Today’s developers want a build-measure-learn loop. I as a developer want to think about continuous delivery, continuous deployment, and continuous feedback. I need to start thinking from ideation to design to development to test to deployment to monitoring to getting insight and then being able to do a fast iteration of what I’m building based on the feedback and the insight I’m getting from my customers. So we have this sort of terminology of DevOps.
DevOps means different things to different people. It is implemented differently from team to team and enterprise to enterprise.
That’s right. There are two ways to look at it: First, teams want to build new applications or software and want to use the lean method of build-measure-learn to develop things. The developer is at the center of the DevOps workflow starting from design to development to deployment to monitoring, and taking that insight and feeding it back into the development processes.

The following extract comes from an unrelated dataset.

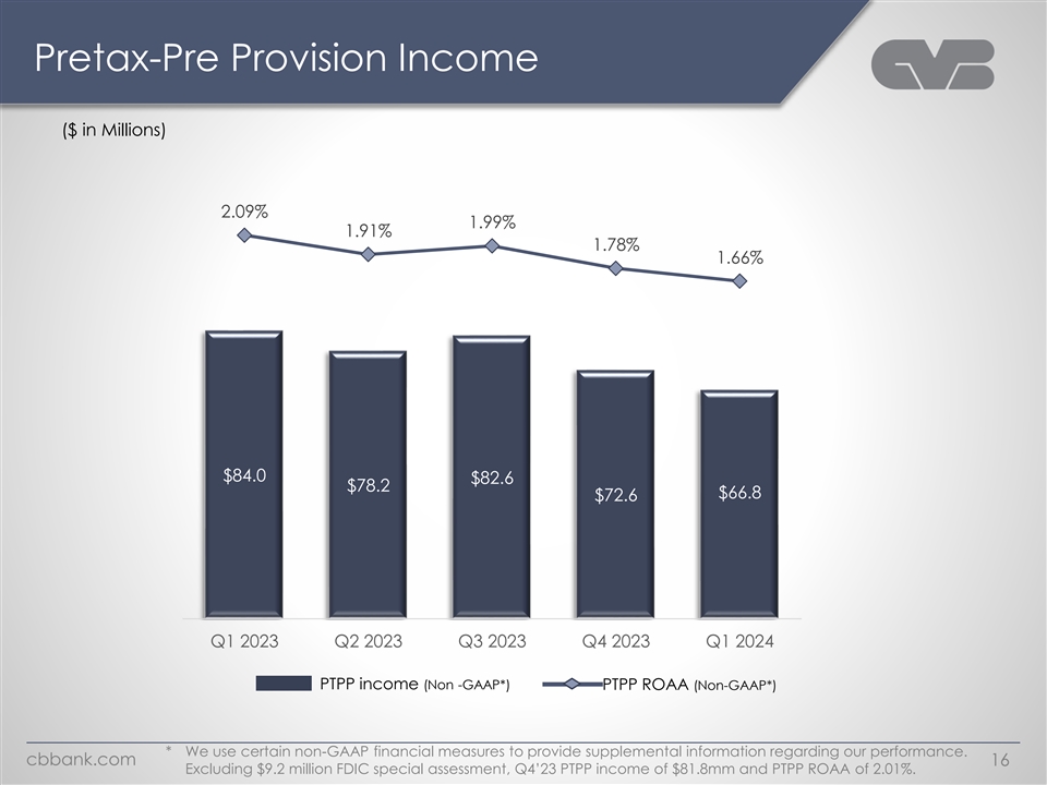 Reconciliation of PTPP Return on Average Assets (Non-GAAP) The Pretax-pre provision income (“PTPP”) return on average assets is a non-GAAP disclosure. We use certain non- GAAP financial measures to provide supplemental information regarding our performance. We believe that presenting the return on average tangible common equity provides additional clarity to the users of our financial statements. Year Ended December 31, Three Months Ended March 31, December 31, March 31, 2020 2021 2022 2023 2023 2023 2024 (Dollars in thousands) Net Income $ 1 77,159 $ 2 12,521 $ 2 35,425 $ 221,435 $ 59,270 $ 48,508 $ 48,599 Add: Provision for(recapture of) credit losses 23,500 (25,500) 10,600 2,000 1,500 ( 2,000) - Add: Income tax expense 72,361 85,127 92,922 93,999 23,279 26,081 18,204 Pretax-pre provision income $ 2 73,020 $ 2 72,148 $ 3 38,947 $ 317,434 $ 84,049 $ 72,589 $ 66,803 Average total assets $ 12,929,813 $ 15,350,521 $ 16,911,661 $ 16,346,172 $ 16,313,136 $ 16,169,125 $ 16,205,413 Return on average assets [1] 1.37% 1.38% 1.39% 1.35% 1.47% 1.19% 1.21% PTPP Return on average assets [1] 2.11% 1.77% 2.00% 1.94% 2.09% 1.78% 1.66% [1] Annualized where applicable. cbbank.com 58

Because the developer is at the center of the workflow, they have to think about ALM in broader terms than ever before. You can argue that’s relevant in some organizations or teams, but teams in the traditional ways of developing things still have this notion of a development organization and an IT professional organization, and somehow we have to figure out how we can get better communication flow between those two groups of people to look at the life cycle in a single, cohesive way rather than throwing things over the fence and seeing what sticks.
Microsoft has put a lot of emphasis on ALM over the last few years. DevOps is a natural progression given the way things are going. What exactly are you doing?
Last September, we [had a message for] all those software teams that are excited about adopting modern life-cycle practices, starting from planning to design all the way to deployment and thinking about the whole workflow, including operations. Between Visual Studio 2012 and System Center, we have a fantastic set of solutions for those who want to adopt modern life-cycle practices.
Let’s break that down a bit. To what extent is Visual Studio 2012 addressing DevOps specifically at this point in time?
Integrating development and operations—functions of the application life cycle that have historically been somewhat discrete phases—offers tremendous value [in terms of] streamlining software development. From improving software quality through automated tests that persist in production, to accelerating and smoothing deployment through automation, reducing mean time to repairs and increasing the rate at which we can add new features, DevOps brings a lot to the table.
At a high level, simply having engineering and operations using a single, integrated solution increases efficiencies. For example, it removes the need for a separate ticketing system to exist between them and to manage workflows. Also, integrated systems tend to eliminate barriers to communication and improve collaboration between the groups.
Some think the distinction between the two groups is starting to blur as a result of DevOps. Do you agree with that?
The distinction between these groups is blurring. This may sound insignificant, but it can actually be one of the largest aspects of an organization’s DevOps challenge.